I've been told Alicia Silverstone and Sharon Stone a la _Sliver_, but that was many moons and many pounds ago


----------



## Chainsaw Mage (May 17, 2007)

Goldmoon said:
			
		

> What celebrity do you think you most look like?
> 
> HONESTLY
> 
> Provide a picture if you think its needed.

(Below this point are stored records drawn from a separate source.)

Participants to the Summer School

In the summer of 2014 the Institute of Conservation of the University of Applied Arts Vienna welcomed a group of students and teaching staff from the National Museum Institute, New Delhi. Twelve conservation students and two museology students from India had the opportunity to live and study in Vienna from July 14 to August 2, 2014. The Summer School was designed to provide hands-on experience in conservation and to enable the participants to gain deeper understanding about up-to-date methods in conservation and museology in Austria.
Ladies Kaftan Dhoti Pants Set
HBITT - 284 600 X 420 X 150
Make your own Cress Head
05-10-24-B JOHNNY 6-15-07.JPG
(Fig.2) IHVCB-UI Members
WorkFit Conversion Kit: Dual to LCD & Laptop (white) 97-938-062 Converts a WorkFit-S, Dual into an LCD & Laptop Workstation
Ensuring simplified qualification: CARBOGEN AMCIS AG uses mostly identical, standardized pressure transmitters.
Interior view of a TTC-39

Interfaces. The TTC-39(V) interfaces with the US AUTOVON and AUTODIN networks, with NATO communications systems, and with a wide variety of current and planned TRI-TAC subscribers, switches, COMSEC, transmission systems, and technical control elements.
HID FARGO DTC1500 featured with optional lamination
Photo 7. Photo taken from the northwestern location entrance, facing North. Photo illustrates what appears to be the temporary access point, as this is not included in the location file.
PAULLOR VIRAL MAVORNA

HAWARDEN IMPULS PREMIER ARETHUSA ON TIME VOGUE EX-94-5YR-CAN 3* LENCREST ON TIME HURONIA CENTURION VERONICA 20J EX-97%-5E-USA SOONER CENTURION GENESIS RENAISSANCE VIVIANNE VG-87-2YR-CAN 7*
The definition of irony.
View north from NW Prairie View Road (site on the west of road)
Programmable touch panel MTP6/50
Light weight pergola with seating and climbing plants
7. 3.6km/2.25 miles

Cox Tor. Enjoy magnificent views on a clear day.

Well, okay, since you asked.  I bear a striking resemblance to Leatherface, from the Texas Chainsaw Massacre films.  Here's a recent pic (I think my wife took this one in March of this year):

http://www.texaschainsawmassacre.net/Remake/Photos/Leatherface2003-4.jpg

Needless to say, this uncanny resemblance inspired my online persona, "Chainsaw Mage".


----------



## Johnnie Freedom! (May 17, 2007)

Chainsaw Mage said:
			
		

> Well, okay, since you asked.  I bear a striking resemblance to Leatherface, from the Texas Chainsaw Massacre films.  Here's a recent pic (I think my wife took this one in March of this year):
> 
> http://www.texaschainsawmassacre.net/Remake/Photos/Leatherface2003-4.jpg
> 
> Needless to say, this uncanny resemblance inspired my online persona, "Chainsaw Mage".

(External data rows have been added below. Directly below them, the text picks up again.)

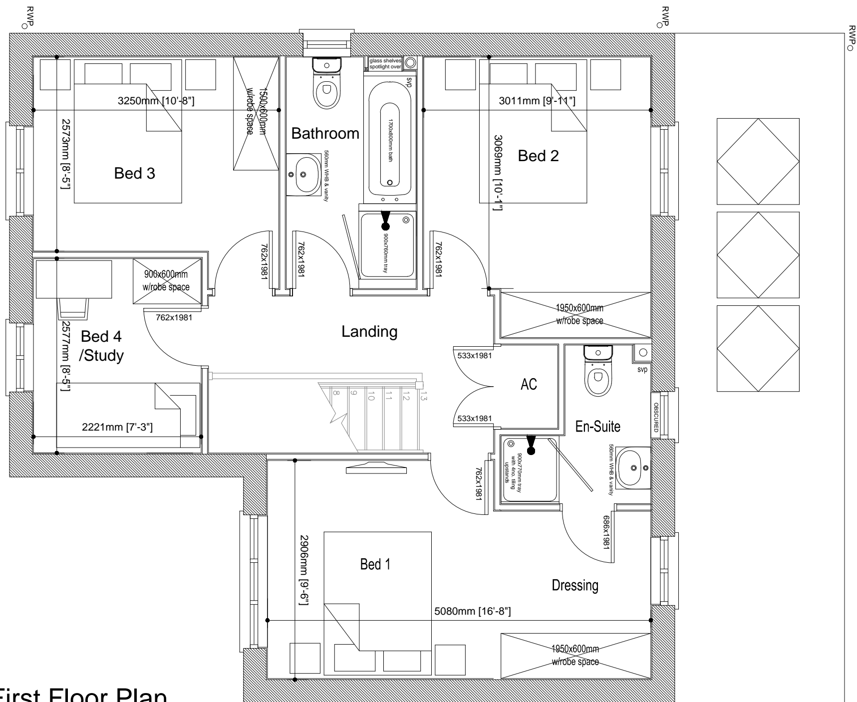
First Floor Plan Scale 1:50
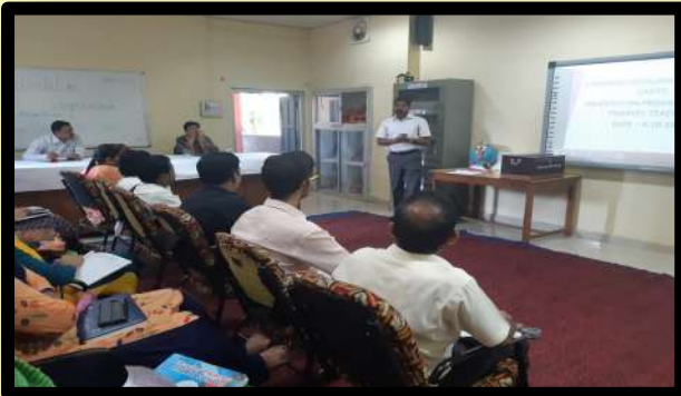
PRINCIPAL ADDRESSING TEACHERS

Training programme on "Strengthening of Primary Education" was conducted for the teachers of Primary Section. Orientation programme for newly recruited PRTs was also conducted on 5th October 19 to make them aware of the functioning of KVS.
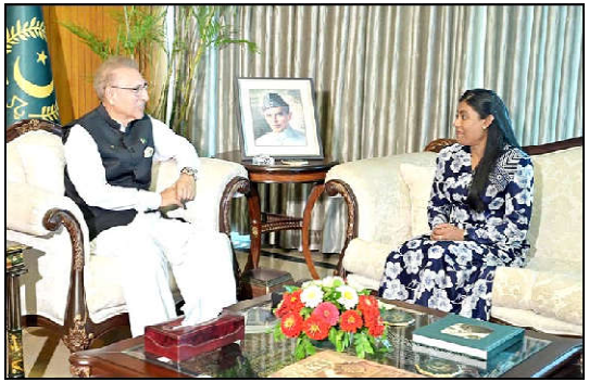
Maldives, particularly textiles, fabrics, rice, cement and pharmaceutical.

The president also congratulated the outgoing high commissioner on the successful completion of her tenure and appreciated her efforts for improving Pakistan-Maldives ties.
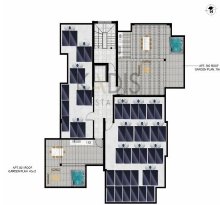
ROOF PLAN / ROOF GARDEN
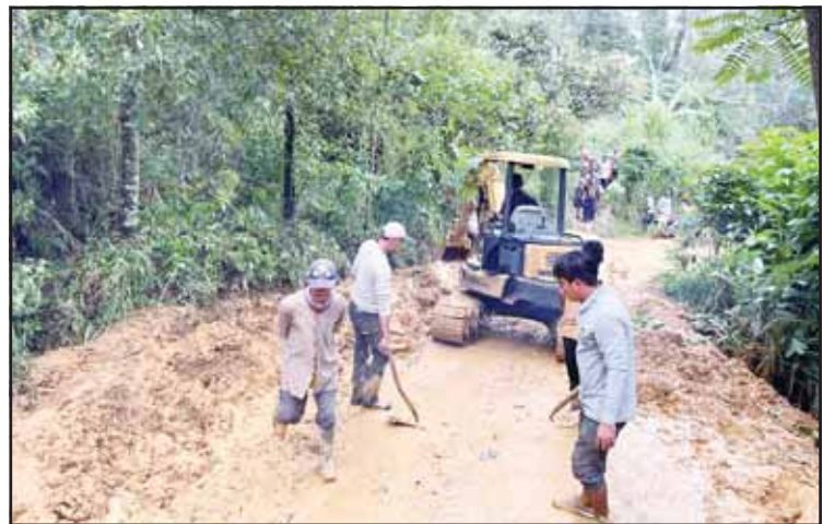
Workers clear a road cut off by a landslide following a flash flood in Pekalongan, Central Java, Indonesia on Jan 22.

Scores of rescue personnel recovered two mud-caked bodies as they searched a Petungkriyono area where tons of mud and rocks buried two houses and a cafe. Rescuers are still searching for seven people reported missing.
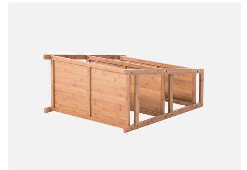
④ Secure Right Frame (a-B).

Thanks for making me nearly spray Pepsi out of my nose.       You made my day with this one, dude.


----------



## Goldmoon (May 17, 2007)

Chainsaw Mage said:
			
		

> Well, okay, since you asked.  I bear a striking resemblance to Leatherface, from the Texas Chainsaw Massacre films.  Here's a recent pic (I think my wife took this one in March of this year):
> 
> http://www.texaschainsawmassacre.net/Remake/Photos/Leatherface2003-4.jpg
> 
> Needless to say, this uncanny resemblance inspired my online persona, "Chainsaw Mage".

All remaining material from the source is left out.